▶ _WHAT YOU HAVE TO DO_: All pictures are to be omitted while the lines starting at the line with "AGS20L aggregates traffic" and ending at the line with "Cicely Mary Barker" in the material below are retyped exactly, both ends included.

▶ _INFORMATION SUPPLIED_:
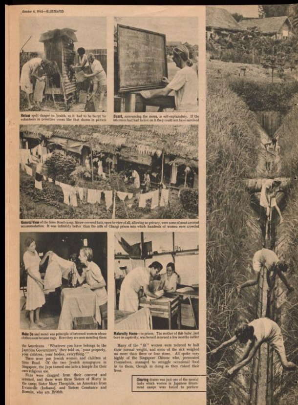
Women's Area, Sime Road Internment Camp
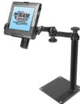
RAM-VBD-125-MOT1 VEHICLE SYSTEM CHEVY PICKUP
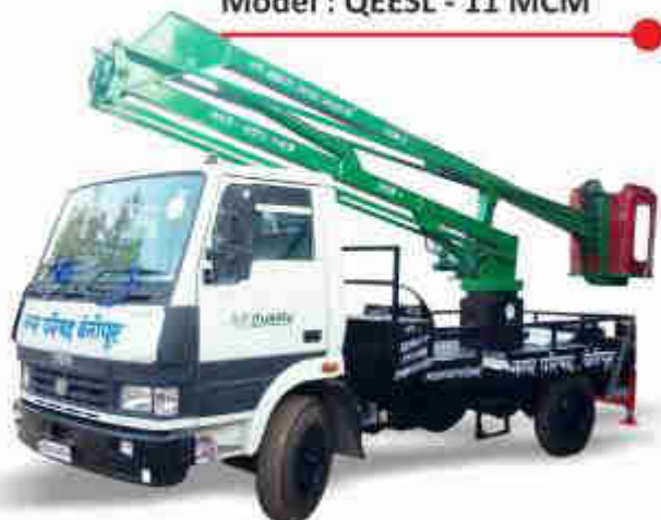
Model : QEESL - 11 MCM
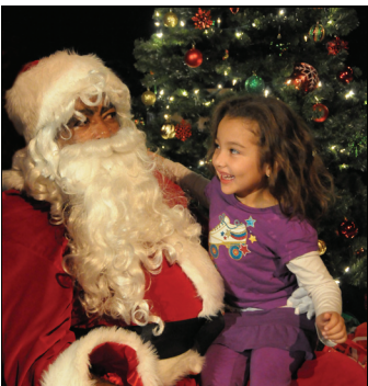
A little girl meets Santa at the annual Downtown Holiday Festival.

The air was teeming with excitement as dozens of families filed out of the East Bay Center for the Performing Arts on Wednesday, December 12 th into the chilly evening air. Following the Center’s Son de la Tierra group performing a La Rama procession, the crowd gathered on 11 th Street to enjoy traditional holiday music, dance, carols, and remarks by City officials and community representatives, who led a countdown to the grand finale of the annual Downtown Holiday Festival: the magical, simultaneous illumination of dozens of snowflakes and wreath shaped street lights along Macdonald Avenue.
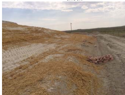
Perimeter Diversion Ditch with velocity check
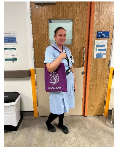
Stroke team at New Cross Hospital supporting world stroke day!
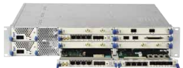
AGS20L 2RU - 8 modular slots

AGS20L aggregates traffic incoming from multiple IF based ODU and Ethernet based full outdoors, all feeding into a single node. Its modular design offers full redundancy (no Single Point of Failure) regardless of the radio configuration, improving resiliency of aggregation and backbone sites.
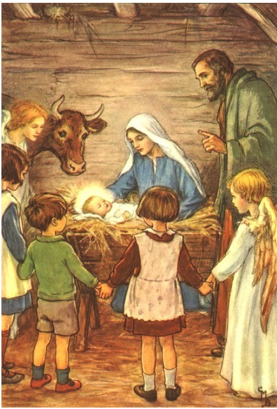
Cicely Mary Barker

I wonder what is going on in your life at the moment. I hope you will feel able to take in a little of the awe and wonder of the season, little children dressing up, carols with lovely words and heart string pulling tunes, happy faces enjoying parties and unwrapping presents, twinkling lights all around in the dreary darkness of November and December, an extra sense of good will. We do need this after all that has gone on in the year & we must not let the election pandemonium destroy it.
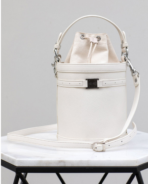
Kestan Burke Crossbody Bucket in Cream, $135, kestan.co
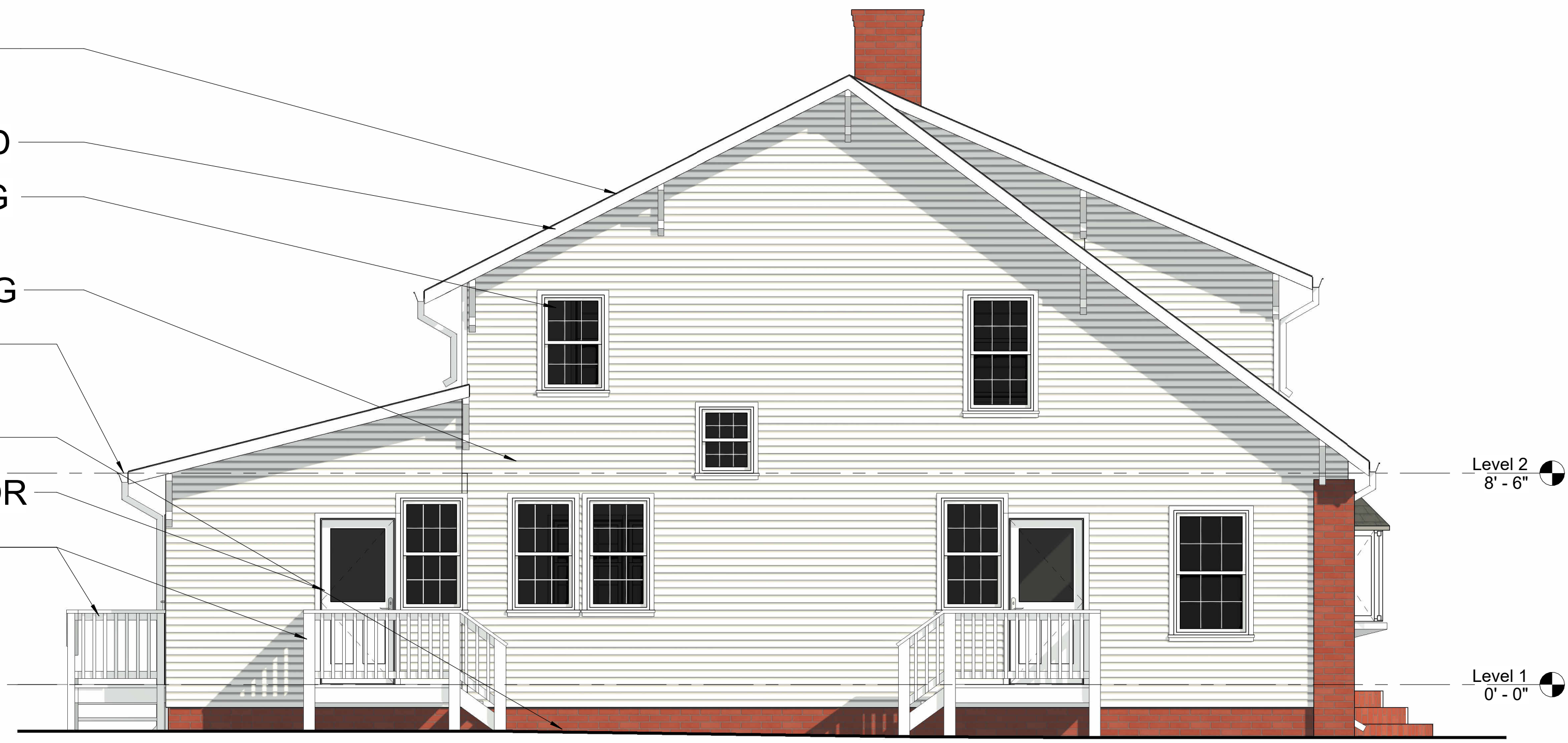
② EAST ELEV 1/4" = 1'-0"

▶ _PROBLEM SOLUTION_:
AGS20L aggregates traffic incoming from multiple IF based ODU and Ethernet based full outdoors, all feeding into a single node. Its modular design offers full redundancy (no Single Point of Failure) regardless of the radio configuration, improving resiliency of aggregation and backbone sites.
Cicely Mary Barker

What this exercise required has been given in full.